I looks like seafile was “thinking” that everything was fine.

We had one drive in the ceph cluster with smartd warnings. just to be on the save side, I took the whole node out of the ceph cluster. but this had no effect. I am not sure how ceph would deal with faulty data from a problematic drive. but since we have a redundancy of 3, I would expect that we would have at least two valid copies of each seafile block.

Unfortunately not. However you can run fsck with --shallow option to skip checking block contents to speed up the check. See latest documentation.

If it happens at certain period and for all file uploads, it’s likely some configuration or environmental change. It’s unlikely that Seafile reports upload success without actually saving data for all files.

what happens exactly when fsck resets the files with missing blocks? will then the sync client attempt to sync the local (non-empty) file to the servers, or will it sync the empty file from the server and overwrite the local (non-empty) version of the file?

you may be right, could you indicate what changes in the environment/configuration could have such an effect? I am not aware of any such changes, but you as developer of seafile have a better understanding than me, under which conditions this could happen.

many thanks,
hp

hm, it seems I found the problem. as mentioned we are using a seafile cluster as described in the docs. this worked very well for many years. I just realized, that the mysql-galera-cluster running on the seafile servers was broken. two nodes (the background node, and one of the frontend nodes) thought they are not in a galera cluster and the second frontend node was in galera-cluster of size one. in other words, there was no mysql-replication working between the seafile servers.

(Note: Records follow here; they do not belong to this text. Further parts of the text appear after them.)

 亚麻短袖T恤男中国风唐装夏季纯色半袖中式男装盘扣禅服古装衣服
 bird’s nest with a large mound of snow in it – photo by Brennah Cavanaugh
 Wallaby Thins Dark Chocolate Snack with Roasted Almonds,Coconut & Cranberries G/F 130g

this is a very bad situation and so far I have no clue how this could have happened.

people/clients access seafile over only one of the frontend nodes, except when this primary node is rebooted, but of course we have background jobs (gc, spam, elasticsearch, …) running on the background node.

@Jonathan do you think that could explain the missing blocks we see?

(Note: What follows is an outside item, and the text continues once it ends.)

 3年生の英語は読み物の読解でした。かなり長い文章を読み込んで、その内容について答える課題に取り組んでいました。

I think it explains the issue. The garbage collector is then deleting new data because it is not referenced from the database.

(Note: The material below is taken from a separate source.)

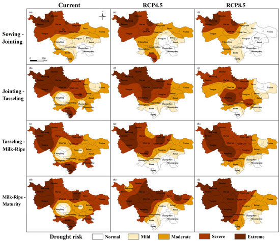 Under the background of global warming, the frequent occurrence and long-term persistence of drought events have substantial negative effects on agricultural production. As the main maize production area in midwestern Jilin Province, frequent drought and a shortage of irrigation water pose substantial threats to the production of maize. We analyzed the balance of water supply and demand in each growth period and the degree of maize yield affected by drought. The results indicate that the FIO-ESM climate model can effectively simulate the changes in temperature and precipitation, and was highly applicable to the study area. From 1980 to 2020, the drought risk indices for the sowing to jointing, jointing to tasseling, tasseling to milk-ripe, and milk-ripe to maturity stages were 0.62, 0.52, 0.48, and 0.60, respectively. In the future, the chances of a RCP8.5 scenario drought risk and an enhanced RCP4.5 scenario have eased. Spatially, the high-risk areas shift in a “west−central−southwest” pattern. Effective precipitation will decrease in the future, while the increasing water requirement of maize increases the dependence on irrigation water. The irrigation requirement index is more than 70% for all periods, particularly in the milk-ripe to maturity stage. The relative meteorological yields were positively correlated with the CWDI of the whole growth period, with the rate of reduction in maize yield and the yield reduction coefficient of variation at a high level of risk between 1980 and 2020. In the future, the negative impact of drought risk on the yield of maize lessened with no obvious trend in production. In particular, the rate of reduction and reduction coefficient of variation for the RCP8.5 scenario were 1.24 and 1.09, respectively.

yes that would indeed explain the situation. many thanks

@shoeper I switched off all nodes except the primary frontend node. restarted mysql and seafile on this node. this is the wsrep status I have:

MariaDB [(none)]> SHOW GLOBAL STATUS LIKE 'wsrep_%';
+-------------------------------+----------------------+
| Variable_name                 | Value                |
+-------------------------------+----------------------+
| wsrep_applier_thread_count    | 0                    |
| wsrep_cluster_conf_id         | 18446744073709551615 |
| wsrep_cluster_size            | 0                    |
| wsrep_cluster_state_uuid      |                      |
| wsrep_cluster_status          | Disconnected         |
| wsrep_connected               | OFF                  |
| wsrep_local_bf_aborts         | 0                    |
| wsrep_local_index             | 18446744073709551615 |
| wsrep_provider_name           |                      |
| wsrep_provider_vendor         |                      |
| wsrep_provider_version        |                      |
| wsrep_ready                   | OFF                  |
| wsrep_rollbacker_thread_count | 0                    |
| wsrep_thread_count            | 0                    |
+-------------------------------+----------------------+

my goal at the moment is to get a clean single (non-clusteres) seafile server.

seafile seems to be running fine, but in the mysql error.log I see:

2022-01-05 15:13:37 44 [Warning] Aborted connection 44 to db: ‘ccnet-db’ user: ‘seafile’ host: ‘localhost’ (Got an error reading communication packets)
2022-01-05 15:13:37 42 [Warning] Aborted connection 42 to db: ‘seahub-db’ user: ‘seafile’ host: ‘localhost’ (Got an error reading communication packets)
[…]

do you have any idea what could cause this. however, seafile seems to be running fine, but I would like to understand these errors.

many thanks for your support!

These errors could be caused by restarting Seafile. As the error message indicates the client (seafile) closes the connections.